Ultimately, if the data isn't on your hardware, parsable by open source software, there's always a chance a corporate move could imperil it.
Luckily day one is fully e2ee encrypted, otherwise I wouldn’t trust their self baked sync service a bit
You should actually be very happy. Given Automattic's track record, it might become free.
I relied very heavily on Day One until they dropped most of their local-hosting features. It was painful and I still haven't found any comparable alternative.
Wow, I didn't realize they did that... I've had Day One suggested to me many time and always resisted, I guess I'm glad I did. I don't know what I want as an alternative, though - I guess what would be ideal is something that is Desktop/Mobile, syncs markdown to a shared filesystem like Dropbox, and has lots of optional bells and whistles for cataloguing and organization that I wouldn't mind losing since I'd still have the actual content in markdown.
I tried. There isn’t one. Dyrii was decent. But it was abandoned. There’s Journey (with their cluttered and poor interface) but they’ve not been able to pull themselves out of Google’s sink-hole. Even after you login with Apple Login they ask you to add a Google Drive account to sync data.

So I literally just moved back to pen and paper. Something I had been doing since school (school school). I haven’t missed any journaling app since. But having one would be nice.

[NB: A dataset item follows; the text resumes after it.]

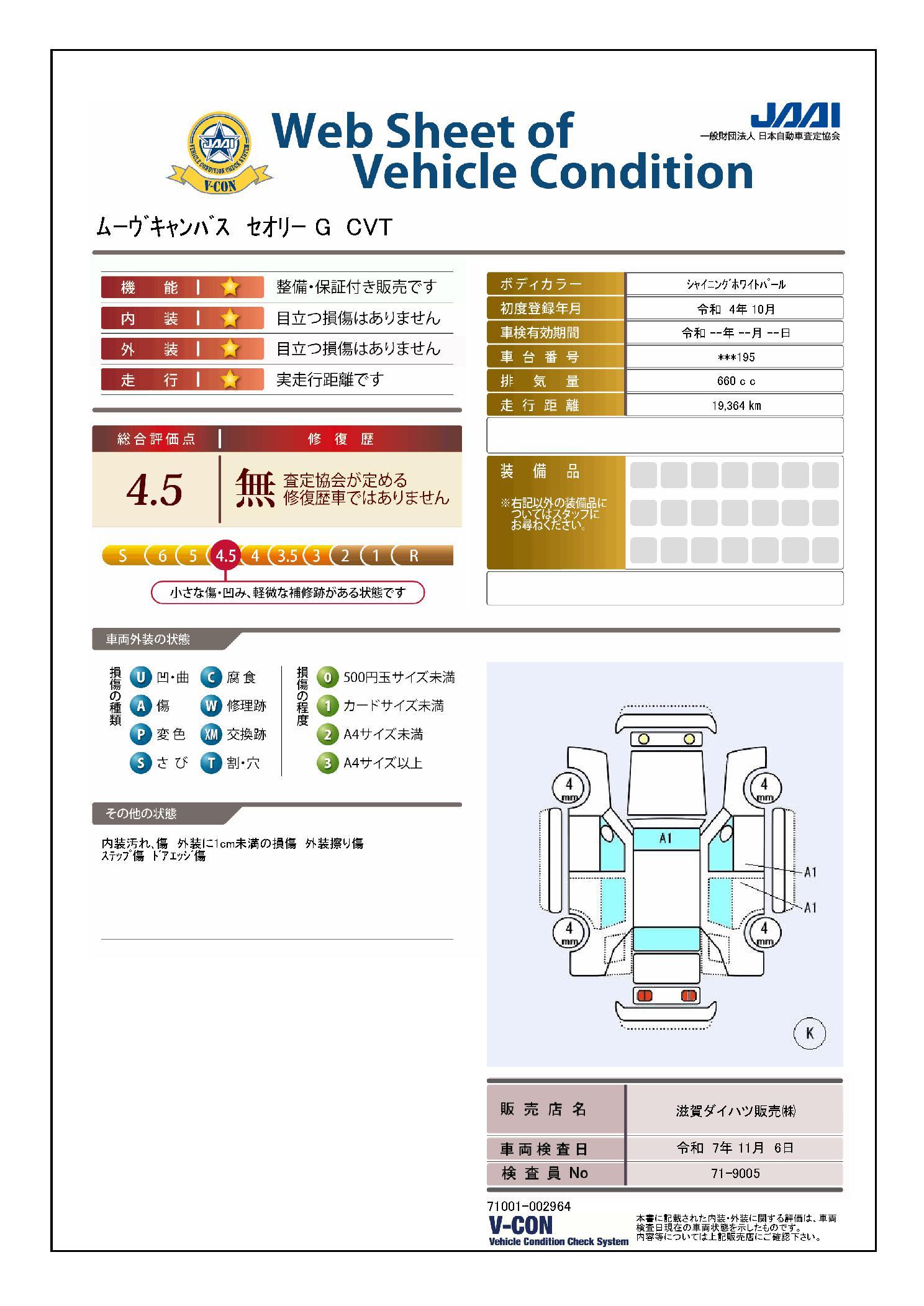 | 保証項目 | 新車メーカー保証に準じた保証(エンジン・エアコン・トランスミッション他)を1年間(走行距離無制限)無償で受けられます。 |

How about Joplin? (https://joplinapp.org/)
Great idea. Joplin is a really good note taking app, open source, free and you can easily sync it via webdav.

It's not a journaling app per se, but you could use it for that.

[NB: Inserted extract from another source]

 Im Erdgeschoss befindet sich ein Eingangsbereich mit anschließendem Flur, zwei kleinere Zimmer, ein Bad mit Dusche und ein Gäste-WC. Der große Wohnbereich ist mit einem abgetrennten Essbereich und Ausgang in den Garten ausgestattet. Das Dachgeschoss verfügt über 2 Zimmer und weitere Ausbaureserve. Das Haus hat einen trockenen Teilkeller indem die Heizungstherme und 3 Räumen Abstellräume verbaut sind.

The mobile apps are not perfect yet though.

Still running an 8 year old version for that reason. Tried switching to MacJournal once it became free but kept going back.
Same. I still use the old app on my iPhone. Syncing to Dropbox and iCloud no longer works. I periodically export to pdf as a backup. I have nine years of notes in that pdf.

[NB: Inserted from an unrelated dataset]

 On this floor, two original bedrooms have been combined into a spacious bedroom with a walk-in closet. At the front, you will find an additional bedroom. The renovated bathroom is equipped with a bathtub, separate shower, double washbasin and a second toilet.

At some point an iOS update is going fully break the app, but I'm still hanging on.

While I generally do not like subscriptions, surely “sync” falls into the category of “well of course that is a subscription”?

Someone must maintain a server indefinitely for you to sync whenever you want. That is a continuous cost that also has a scale factor, e.g. based on number of users. Without revenue proportional to that cost (e.g. per user), how can it be expected to remain functional?

I think the distaste for Day One’s subscription stems from the fact that an update removed the ability to sync on the user’s platform of choice (iCloud or Dropbox) which they were already paying for, and forced them into the first-party service.
that was my first thought too. I've messed about with their import / export features but found them a bit lacking. so either this means it goes wrong and I get a decent export option developed or it gets better and I stay there but also get a better export option for backups!